Anthony-Rawḥ al-Qurashī was an Arab Christian martyr and Saint of the late 8th century. The name al-Qurashī refers to the Quraysh tribe which he was descended from.

==Hagiography==
Anthony, born Rawḥ al-Qurashī, was a Muslim nobleman from Damascus. He was a descendant of the Quraysh tribe which was the same tribe that the Islamic prophet Muhammad came from. Rawḥ lived in the abandoned monastery Dayr Murran that was dedicated to
Saint Theodore on Mount Qasioun which had a functioning Church adjacent to it. Rawḥ would regularly sneak into the Church to steal the Eucharist and eat it and would even tear the crosses from their places, rip the altar cloths, and greatly harass the priest. One day, Rawḥ found the Church empty and decided to shoot the icon of St. Theodore above the altar with his bow. Rawḥ fired an arrow and it came within a foot of the icon but then suddenly turned back towards Rawḥ piercing him in his left hand which terrified him and knocked him unconscious. A few days later Rawḥ witnessed another miracle when he saw the Consecrated Host transform into a lamb during a Mass. That same night St. Theodore appeared to Rawḥ in a dream and chastised him for his behavior ordering him to embrace Christ and repent. Rawḥ was so moved by this vision that he set off to Jerusalem the next day to be baptized. However, the Patriarch Elias II of Jerusalem was afraid that by baptizing Rawḥ he would anger Muslim authorities so he sent him to the River Jordan to be baptized by a group of monks who submerged him, gave him a monastic cowl and the Christian name of Anthony.
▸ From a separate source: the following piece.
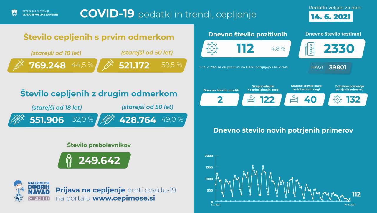 V Sloveniji so včeraj, 14. junija, opravili 2330 PCR testiranj na koronavirus in potrdili 112 novih okužb, gre za 4,8-odstotni delež okužb.

When Anthony returned to Damascus his family mocked his coarse dress and turned him over to the Islamic judge after failing to bring him back to Islam. The judge berated Anthony saying "Shame on you, Rawḥ, why have you left your religion into which you were born, not to mention your esteem and nobility (ḥasabaka wa-sharafaka)?" When this did not convince Anthony either the judge sent him to Raqqa, the seat of the caliph Harun al-Rashid. Al-Rashīd also mocked Anthony for his monk's clothing, and after failing to convert him, ordered his execution. Anthony welcomed his sentence explaining that it would free him from his three greatest sins: having gone on hajj to Mecca, having sacrificed on ʿĪd al-Aḍḥā, and having killed Christians during raids against the Byzantines. Thus, Anthony was decapitated on Christmas Day 799 A.D.

According to Theodore Abu Qurrah:

In our own day there was a well-known martyr, from a family of the highest nobility among the outsiders, whose story is widespread. May he remember us in his prayers, he is called St. Anthony. He used to tell everyone he met that he came to believe in Christianity only because of a miracle he saw in connection with an icon that belonged to St. Theodore, the martyr.